» DATA SECTION:
# # #
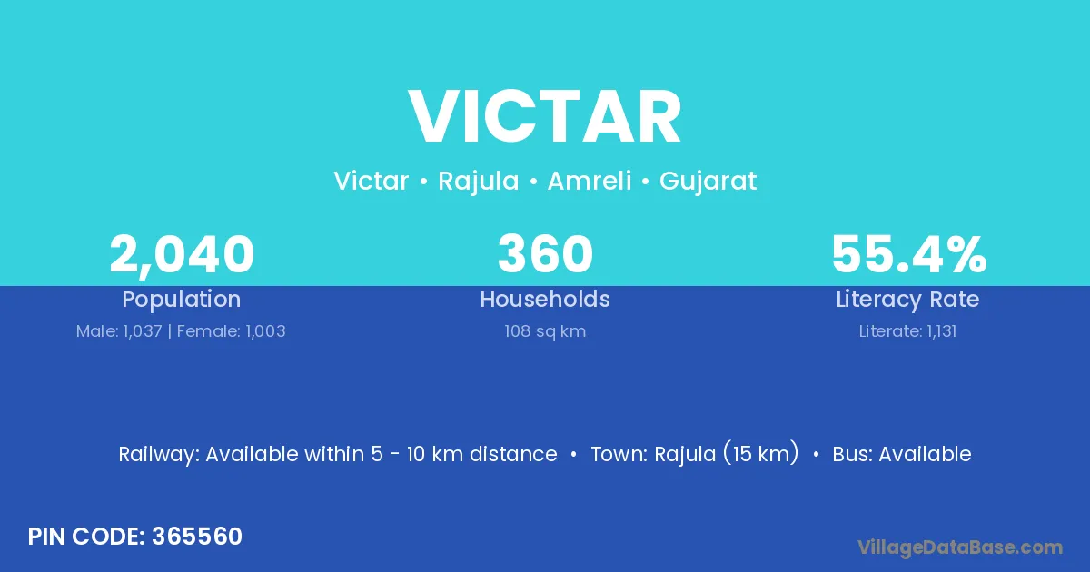 Rajula (15 km) is the nearest town to Victar village for major economic activities and is located approximately 15 km away.
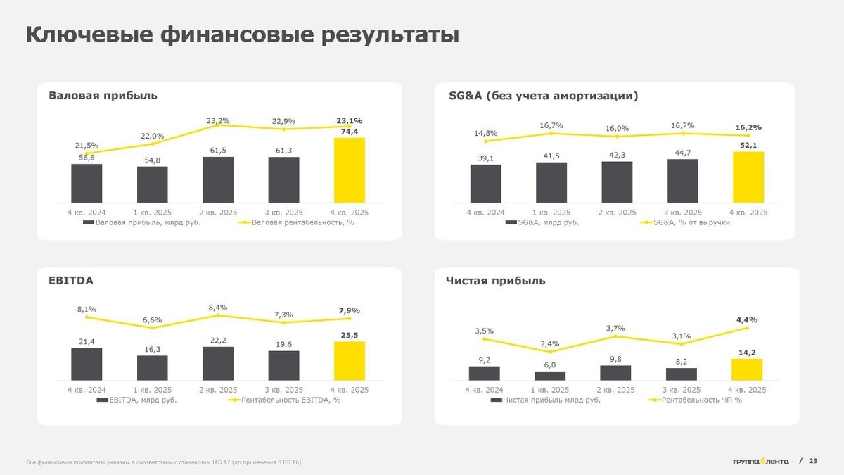Цифры за год на уровне: - Выручка перевалила за 1,1 трлн рублей (+24,2%), а чистая прибыль скакнула на 56%, до 38,2 млрд руб.; - LFL-продажи выросли на 10,4%, а общая торговая площадь на 16,6%; - EBITDA составил 83,7 млрд руб. (+22,8%). Такой успех это ещё и результат того, что ребята постоянно перебирают формат - в гипермаркетах теперь доступны доп сервисы вроде зарядок для электрокаров, Wi-Fi, и даже "Зоомаркет" за углом. Ещё ритейлер грамотно оптимизирует площади - лишнего пространства нет, только то, что приносит результат и деньги. В 2025-м "Лента" дерзко скупала рынок: - забрала 72 магазина уральской "Молнии"; - ребята зашли на Дальний Восток, купив 67% сети "Реми"; - и вишенка на торте - покупка "OBI Россия", которая теперь "DOM Лента". А ещё блистала "Монетка", открыть 1000 магазинов за год и запустив доставку на миллионную базу. Посмотрим, куда запрыгнет "Лента" в этом году. Знание — сила! Подписка — кнопка! _ 📲 MAX 🤪Дзен 🌐 VK 🔵Telegram #Лента #ритейл #итоги2025 #Ан
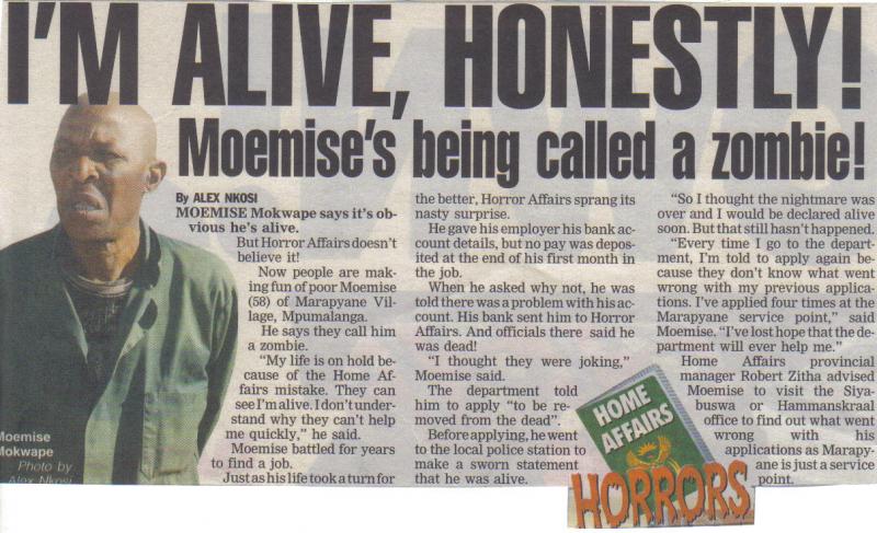 Poor Moemise Mokwape, clearly alive and well, finally got his dream job. He worked diligently for an entire month and like all employees went to draw his money at the end of the month. BUT No money there to draw! WHY?? According to Home Affairs he’s dead!
# # #
Please give back the material above exactly as written, pictures omitted.

» TASK OUTPUT:
 Rajula (15 km) is the nearest town to Victar village for major economic activities and is located approximately 15 km away.
Цифры за год на уровне: - Выручка перевалила за 1,1 трлн рублей (+24,2%), а чистая прибыль скакнула на 56%, до 38,2 млрд руб.; - LFL-продажи выросли на 10,4%, а общая торговая площадь на 16,6%; - EBITDA составил 83,7 млрд руб. (+22,8%). Такой успех это ещё и результат того, что ребята постоянно перебирают формат - в гипермаркетах теперь доступны доп сервисы вроде зарядок для электрокаров, Wi-Fi, и даже "Зоомаркет" за углом. Ещё ритейлер грамотно оптимизирует площади - лишнего пространства нет, только то, что приносит результат и деньги. В 2025-м "Лента" дерзко скупала рынок: - забрала 72 магазина уральской "Молнии"; - ребята зашли на Дальний Восток, купив 67% сети "Реми"; - и вишенка на торте - покупка "OBI Россия", которая теперь "DOM Лента". А ещё блистала "Монетка", открыть 1000 магазинов за год и запустив доставку на миллионную базу. Посмотрим, куда запрыгнет "Лента" в этом году. Знание — сила! Подписка — кнопка! _ 📲 MAX 🤪Дзен 🌐 VK 🔵Telegram #Лента #ритейл #итоги2025 #Ан
 Poor Moemise Mokwape, clearly alive and well, finally got his dream job. He worked diligently for an entire month and like all employees went to draw his money at the end of the month. BUT No money there to draw! WHY?? According to Home Affairs he’s dead!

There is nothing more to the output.